# ENGLISH POINTERS



## traveler33 (Feb 8, 2008)

A tear ago, I became the owner of two 11 month old pointers from a Quail preserve in Fla. I was told they were surplus pups and would be destroyed. 
Ive trained them in basic commands and am wondering if its too late to get them bird hunting. Any and all advise would be appreciated. Has anyone ever heard of surplus dogs? Its hard to believe anyone could shoot these dogs. They are awesome.


----------



## Bobm (Aug 26, 2003)

unfortunately its all too common scenario in southern quail operations

They will probably make great hunters, just expose them to birds, nothing outhunts EP's.

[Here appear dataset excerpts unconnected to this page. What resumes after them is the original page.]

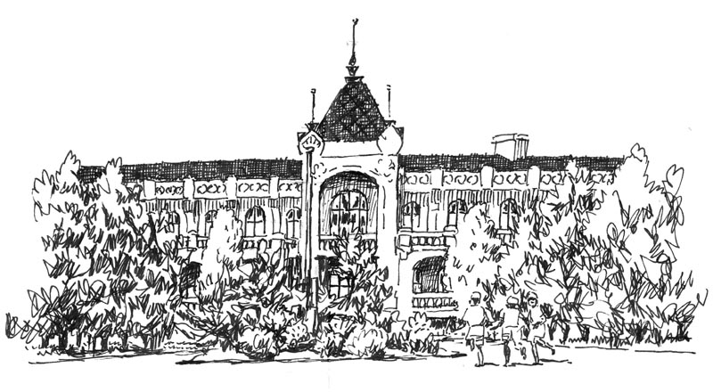平成12年、旅順師範付属小学校の同窓会である霊玉会の「火鍋子(ホーコーズ/中国の鍋料理)を囲む会」の案内に使われたポイントカット。旅順師範付属小学校の外観です。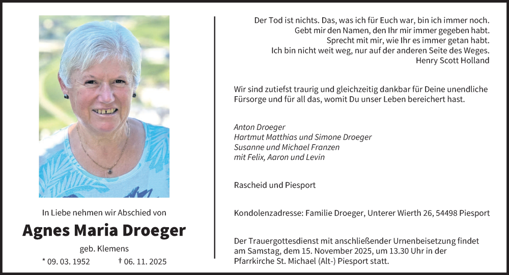 Hier finden Sie alle Traueranzeigen aus der Zeitung, die bisher für Agnes Maria Droeger erschienen sind. Weitere Traueranzeigen, die in der Zeitung erscheinen, werden hier ebenfalls aufgelistet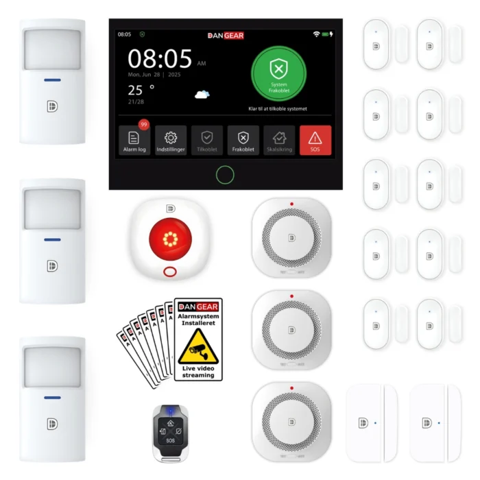 DanGear® touchskærm alarmsystemer med WiFi & 4G kan sende SMS’er og foretage opkald ved alarm. Det er derfor en fordel at vælge en teleudbyderpakke, der mest inkluderer tale og SMS, og så lidt data som muligt, da det ikke vil blive anvendt.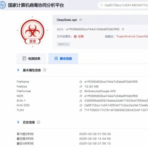 近日,国家计算机病毒应急处理中心和计算机病毒防治技术国家工程实验室依托国家计算机病毒协同分析平台在我国境内捕获发现仿冒DeepSeek官方App的安卓平台手机木马病毒。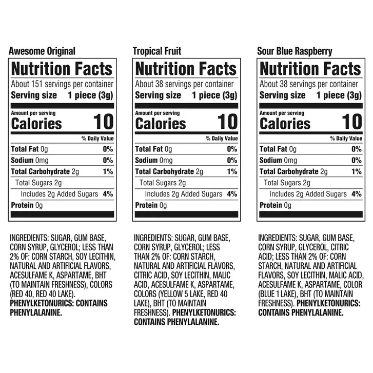 • Variety Pack Includes: 2-Sour Blue Raspberry, 2-Tangy Tropical, 8-Awesome Original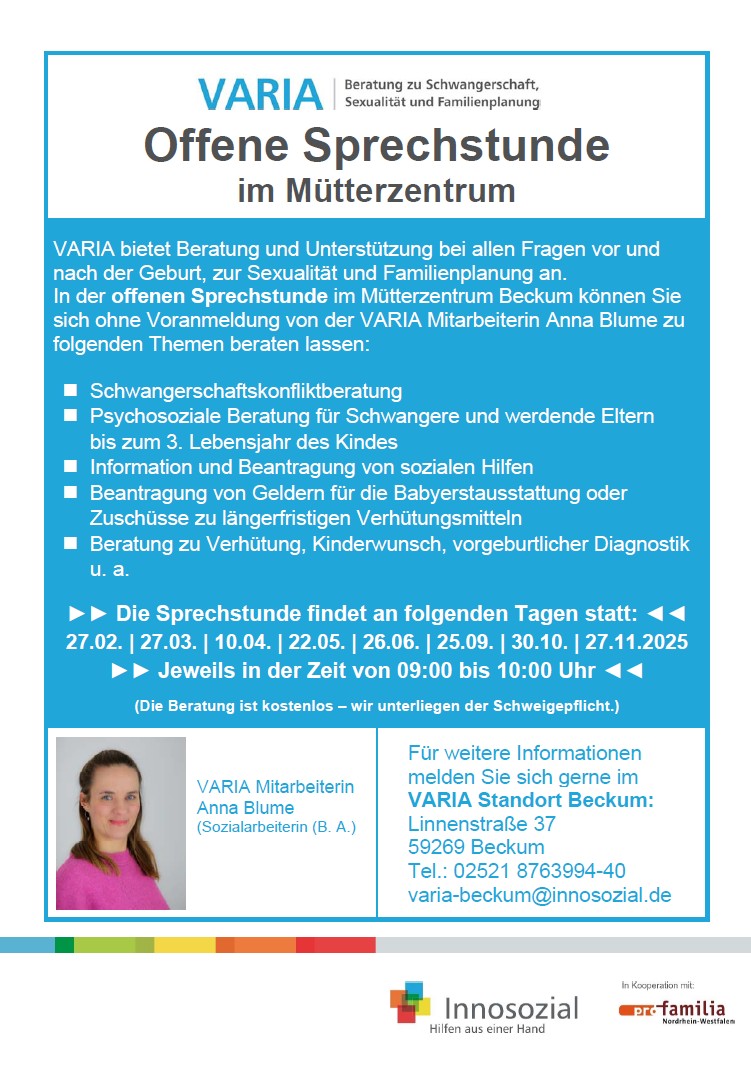 In der offenen Sprechstunde im Mütterzentrum Beckum können Sie sich ohne Voranmeldung von der VARIA Mitarbeiterin Anna Blume zu folgenden Themen beraten lassen: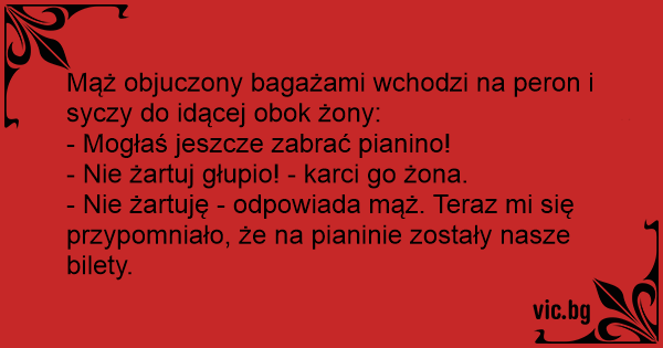 - Nie żartuję - odpowiada mąż. Teraz mi się przypomniało, że na pianinie zostały nasze bilety.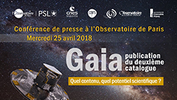 Le mercredi 25 avril 2018, entre 11h40 et 12h30, se tient à l’Observatoire de Paris, en partenariat avec le CNES, le CNRS, l’Observatoire de la Côte d’Azur et l’Université Grenoble Alpes, une conférence de presse qui annoncera l’ouverture de l’accès aux données par l’ESA du deuxième catalogue de la mission Gaia.

I would also like to congradulate you for doing right by the dogs :beer:

Very good of you.


----------



## gonehuntin' (Jul 27, 2006)

If it's one dog that will train itself except for the fine stuff, It's an EP.


----------



## jmillercustoms (Dec 11, 2007)

i think you're pointers will be fine, I hunt with a guy that has two labs and and english pointer and i tell you what in grass that EP is a MACHINE! nothin agains the labs i have one myself but that english is jsut a fun dog to watch hunt


----------



## traveler33 (Feb 8, 2008)

Thanks for all the input guys. I appreciate it.


----------



## cancan (Feb 28, 2008)

never heard surplus dogs but have heard them called culls....they might not have shown the preserve operator what he wanted to see.....

get them on birds and keep it fun, they probably turn out fine.

Good luck.


----------